If it were standard practice, it would also mitigate the problem of younger leaders like I was at the time. I think I might’ve been resistant to coaching, thinking it would telegraph “she’s not smart enough”. It also seemed too much out of the bookstore self-help section, full of 10 steps to perfect time management or 5 steps to accomplishing all my goals. It seemed a little indulgent as well. I was more a “get in there and figure it out” kind of person even if it meant reinventing the wheel. And let’s be clear, reinventing the wheel is foolish. It’s wearing the t-shirt that says “No, really, I’d rather do it the hard way” while the wise sherpa is wearing the t-shirt with the arrow pointing in your direction saying “she doesn’t know what she doesn’t know.”

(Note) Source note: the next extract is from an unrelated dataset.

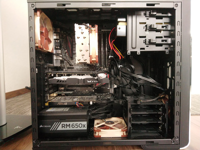 Собрал себе комп. Камень Core i7-6700К, башенный кулер Noctua с PWM, настроил работу вентилятора в биосе в простое 400 оборотов (под нагрузкой нагревается до 60 при оборотах менее 800). Поставил 3 вентилятора в корпус на тех же оборотах, два жестких диска запихал в звукоизолюрующий корпус 5.25 Scythe Quiet Drive. Видеокарта Nvidia в простое тоже не крутится. Блок питания даже под нагрузкой не крутится, потому что комп, больше 300 ватт не потребляет, а у него вентилятор как раз примерно при этой нагрузке включается, да и то включается оборотов на 600. В итоге в метре от компа, непонятно включен он или нет. Шум на уровне фонового. Слышно становится только во время игр и исключительно видеокарту. Все остальное так же бесшумно.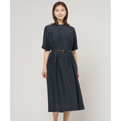 きちんと感がありながらストレスフリータックディテールが華やかな大人のサックワンピース

If I had it to do over, I’d listen.
I’d listen to more experienced leaders. I’d listen to more experienced people. I’d listen better to my team. I’d ask questions. I’d write down the answers so I wouldn’t forget and could spend time thinking about the wisdom. I’d read a self help book or two about listening. I. would. listen.
If I had it to do over, I wouldn’t change anything for six months.
To be honest, I don’t remember how much I changed or didn’t change in the first six months of becoming executive director of the organization. What I do remember is feeling an urgency to establish myself as the new leader. I wanted to put my signature on us. The advice my now self would’ve given my then self would be to ask someone far more experienced to have lunch with me once a month, to talk about challenges, listen and learn. To listen to the team, everyone who worked for us as much as possible. To take care of things day to day, which I did already know how to do, and establish myself as someone who doesn’t know everything. Because I didn’t.
After all these years, it’s still true. I don’t know what I don’t know.
These years have taught me how normal and survivable it is to not know. I realize now, and wish I had then, not knowing isn’t a liability, it’s simply a place on the continuum. I’ve learned you never know what you don’t know, you just get better at seeing the oh-my-god-I-don’t-know-what-to-do coming. I’ve learned to build a network of wisdom in our team, friends and colleagues so I have people to run to for help when I need it. I used to think running for help looked weak, now I think it looks like wisdom in action.